■ **What to do**:
Without including any pictures, copy every line below exactly.

■ **Information shown**:
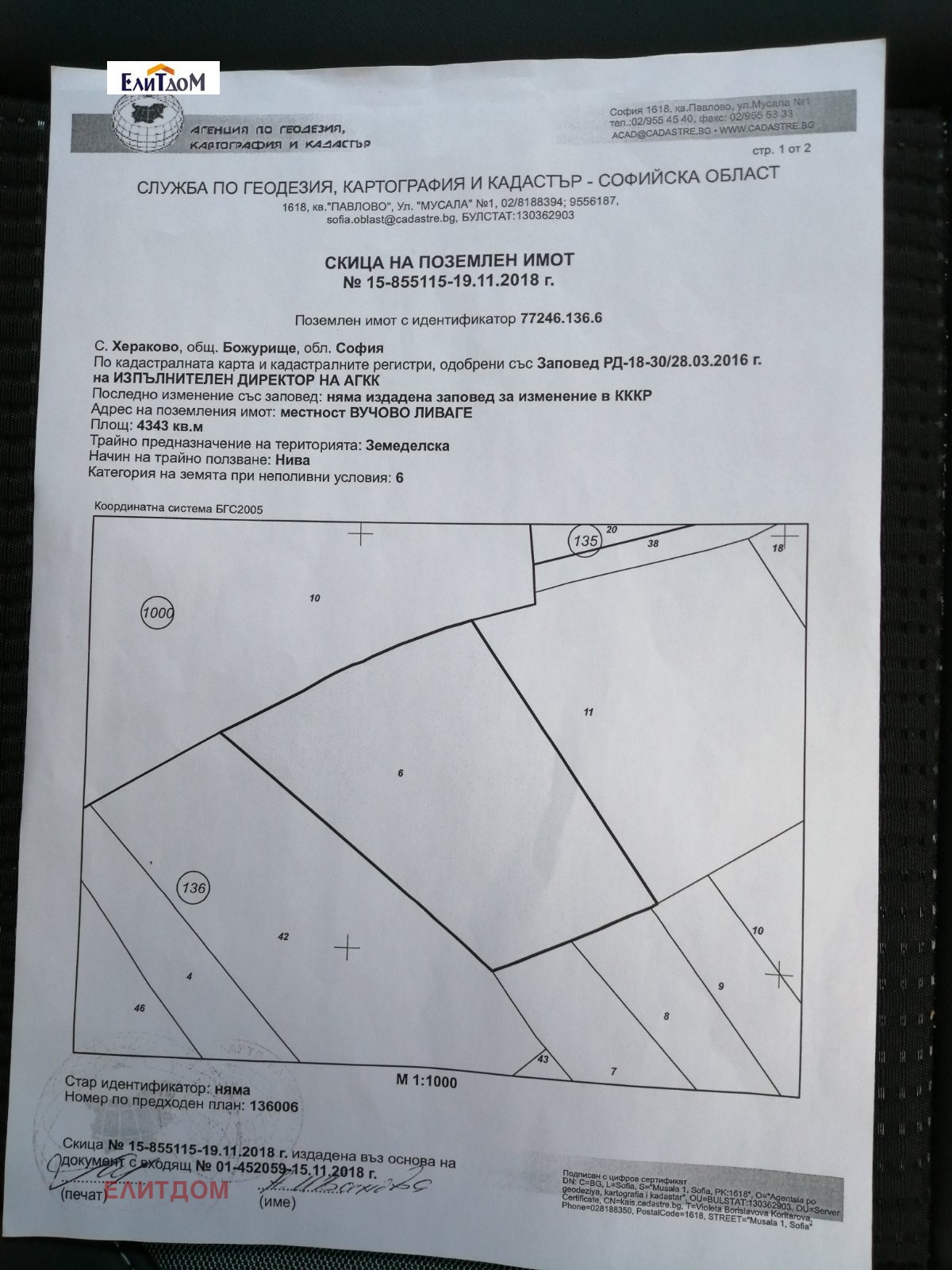 Елитдом Ви предлага поземлен имот, нива, категория 6 при неполивни условия, с площ 4343 кв.м с отлична локация и до регулация, което позволява лесно преустройство. Намира се в местност Вучово ливаге, с.Хераково, общ. Божурище, обл.София.
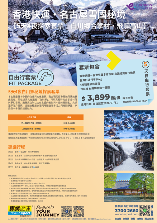 從香港直飛日本中部核心城市名古屋,輕鬆展開一段結合古韻與雪景的旅程。套票包含往返機票、20公斤托運行李、名古屋市中心酒店四晚住宿,並安排白川鄉與飛驒高山一日遊。旅客可盡情漫步於歷史街景中,感受濃濃日本傳統氛圍與冬季的浪漫雪景。
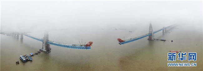 當(dāng)日,滬通長江大橋南主塔順利封頂。至此,該橋兩座高達(dá)330米的主塔全部建成,標(biāo)志著世界最大跨度公鐵兩用斜拉橋建設(shè)取得了關(guān)鍵性進(jìn)展。滬通長江大橋全長11072米,主橋長2296米,主跨1092米,是滬通鐵路全線的控制性工程,設(shè)計(jì)為上層6車道高速公路,下層4線鐵路。新華社發(fā)(許叢軍攝)

■ **Solution**:
 Елитдом Ви предлага поземлен имот, нива, категория 6 при неполивни условия, с площ 4343 кв.м с отлична локация и до регулация, което позволява лесно преустройство. Намира се в местност Вучово ливаге, с.Хераково, общ. Божурище, обл.София.
 從香港直飛日本中部核心城市名古屋,輕鬆展開一段結合古韻與雪景的旅程。套票包含往返機票、20公斤托運行李、名古屋市中心酒店四晚住宿,並安排白川鄉與飛驒高山一日遊。旅客可盡情漫步於歷史街景中,感受濃濃日本傳統氛圍與冬季的浪漫雪景。
 當(dāng)日,滬通長江大橋南主塔順利封頂。至此,該橋兩座高達(dá)330米的主塔全部建成,標(biāo)志著世界最大跨度公鐵兩用斜拉橋建設(shè)取得了關(guān)鍵性進(jìn)展。滬通長江大橋全長11072米,主橋長2296米,主跨1092米,是滬通鐵路全線的控制性工程,設(shè)計(jì)為上層6車道高速公路,下層4線鐵路。新華社發(fā)(許叢軍攝)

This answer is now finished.